Prior to the development of aspartame, it was a well known
fact that phenylalanine interfered with human brain chemistry and had once been considered as a chemical warfare agent due
to its neurotoxic capabilities.
Physiologically, human beings are approximately 60 times
more sensitive to phenylalanine toxicity than any of the animals tested.
Furthermore, humans are 10-20 times more sensitive to
methanol poisoning both as a subchronic and chronic toxin/carcinogen.

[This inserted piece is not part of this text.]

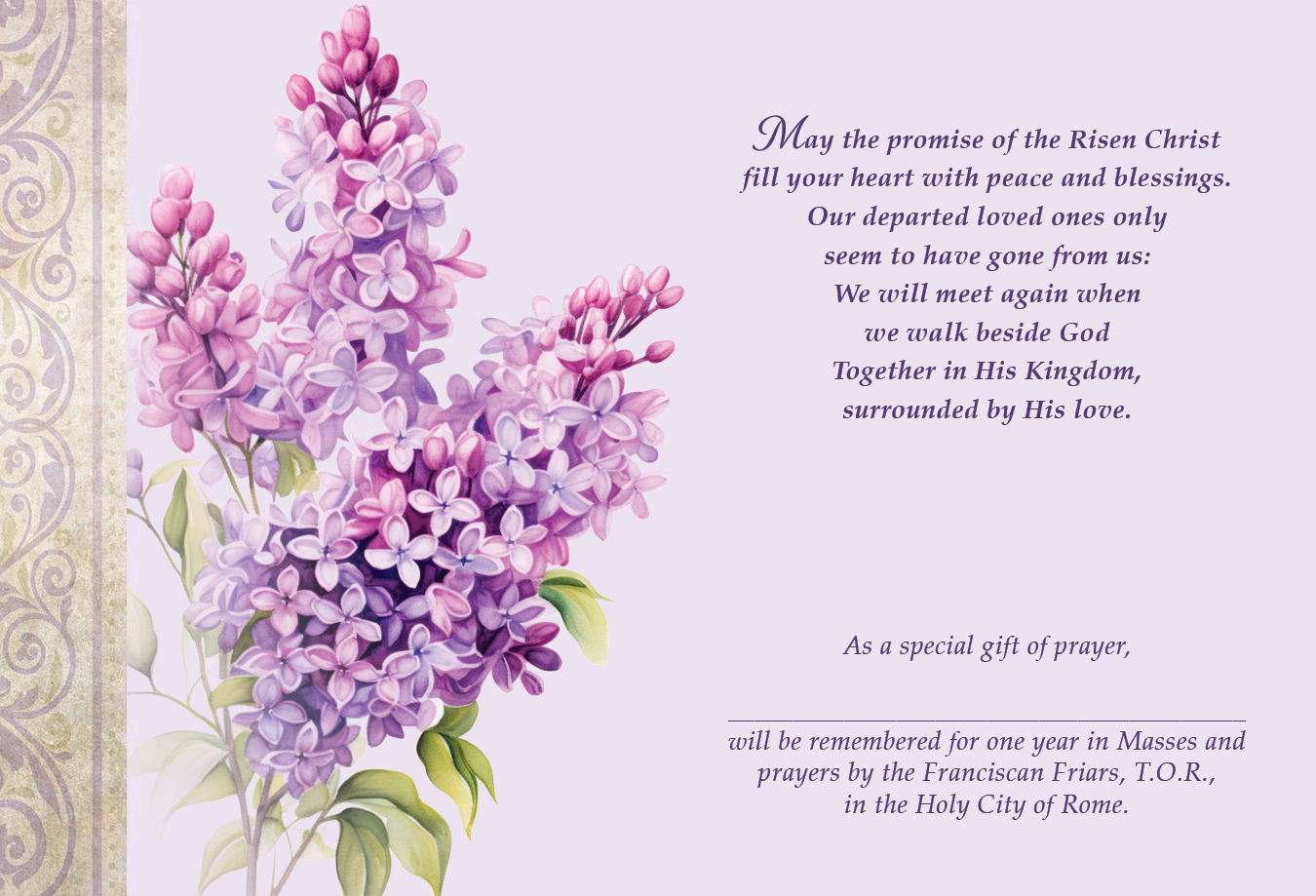 Send this Sympathy Card to anyone mourning the loss of a loved one. The beloved deceased will be remembered in Masses and prayers in the Holy City of Rome for one full year.

On the contrary, the animals studied are more sensitive
to the more common ethanol found in alcoholic beverages due to differences in enzyme concentrations of the species.
Humans are also about 8-10 times more sensitive to the
affects of aspartic acid and glutamates, than the test animals being used.
__________________________________________________
Final Note:
A new sweetener known as Neotame has chemical properties
of known toxicity to man.
Neotame appears to be a chemically altered "aspartame,"
possessing similar proportionate neurotoxic qualities.
I suspect the new name was formed to superficially distance
this product from aspartame, due to the symptoms generated and because of the publicity this poison has received.
All evidence substantiates that aspartame is a powerful
neurotoxin.
Further investigation is absolutely warranted.